■ DATA PROVIDED
---*---
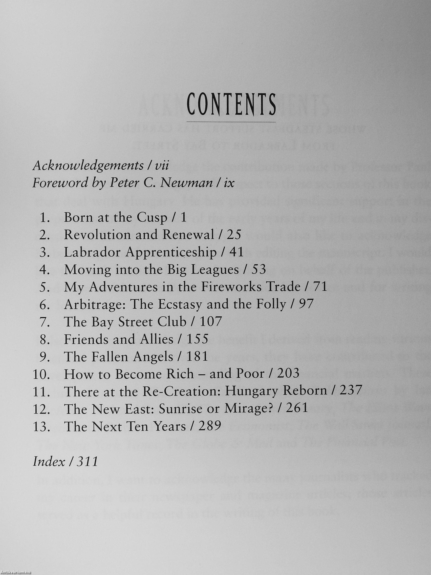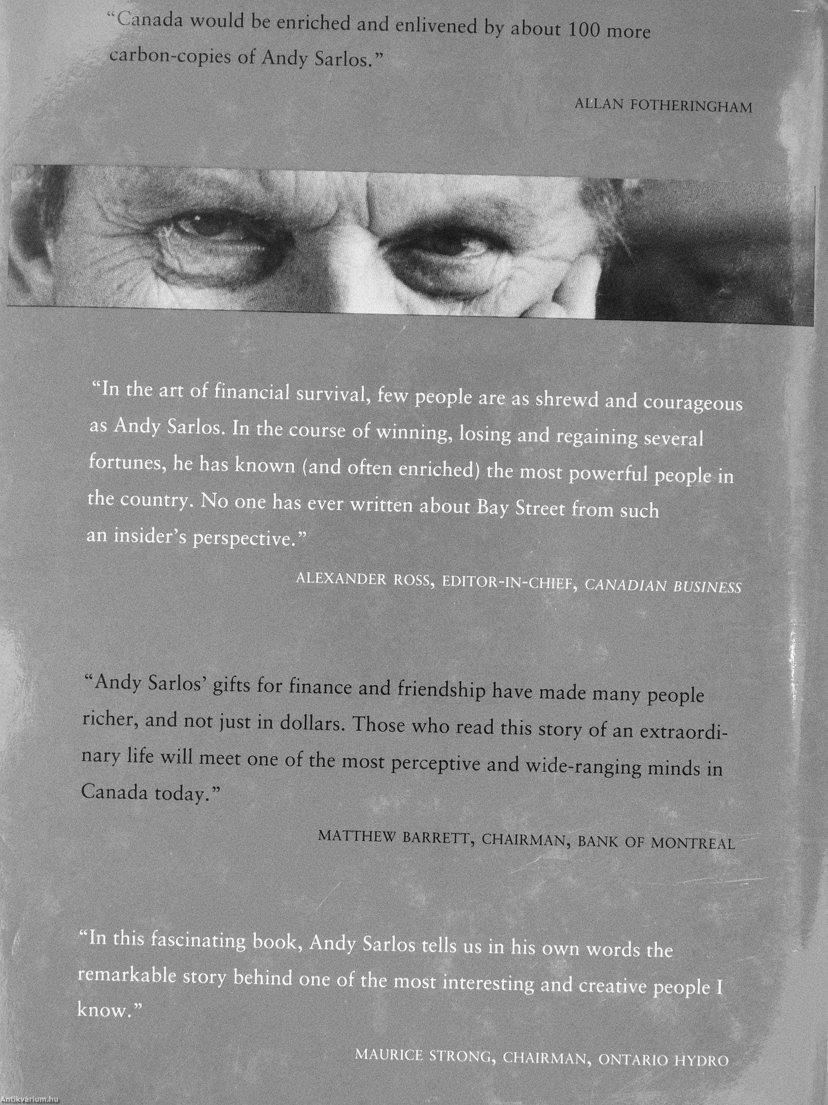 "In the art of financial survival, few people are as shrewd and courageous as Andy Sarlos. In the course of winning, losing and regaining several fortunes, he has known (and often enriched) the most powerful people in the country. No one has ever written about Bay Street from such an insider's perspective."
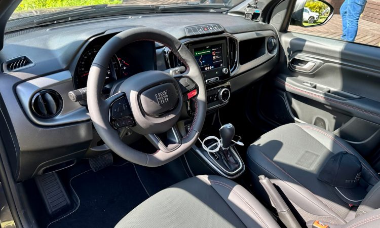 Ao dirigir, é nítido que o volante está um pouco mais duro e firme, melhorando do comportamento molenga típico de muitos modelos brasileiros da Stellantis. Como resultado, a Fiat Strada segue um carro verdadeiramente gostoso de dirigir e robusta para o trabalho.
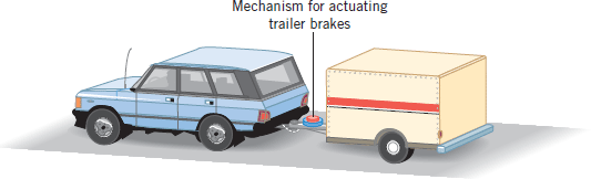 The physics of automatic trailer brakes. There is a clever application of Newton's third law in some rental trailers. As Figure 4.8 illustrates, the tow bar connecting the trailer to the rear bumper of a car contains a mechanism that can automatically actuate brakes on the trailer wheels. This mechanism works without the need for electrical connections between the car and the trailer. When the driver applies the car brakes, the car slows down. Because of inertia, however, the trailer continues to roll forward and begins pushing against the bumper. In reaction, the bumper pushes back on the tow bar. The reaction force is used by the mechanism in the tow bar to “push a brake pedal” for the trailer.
---*---
■ TASK GOAL
If pictures appear in the data, do not print them; repeat the rest exactly.

■ WRITTEN ANSWER
 "In the art of financial survival, few people are as shrewd and courageous as Andy Sarlos. In the course of winning, losing and regaining several fortunes, he has known (and often enriched) the most powerful people in the country. No one has ever written about Bay Street from such an insider's perspective."
 Ao dirigir, é nítido que o volante está um pouco mais duro e firme, melhorando do comportamento molenga típico de muitos modelos brasileiros da Stellantis. Como resultado, a Fiat Strada segue um carro verdadeiramente gostoso de dirigir e robusta para o trabalho.
 The physics of automatic trailer brakes. There is a clever application of Newton's third law in some rental trailers. As Figure 4.8 illustrates, the tow bar connecting the trailer to the rear bumper of a car contains a mechanism that can automatically actuate brakes on the trailer wheels. This mechanism works without the need for electrical connections between the car and the trailer. When the driver applies the car brakes, the car slows down. Because of inertia, however, the trailer continues to roll forward and begins pushing against the bumper. In reaction, the bumper pushes back on the tow bar. The reaction force is used by the mechanism in the tow bar to “push a brake pedal” for the trailer.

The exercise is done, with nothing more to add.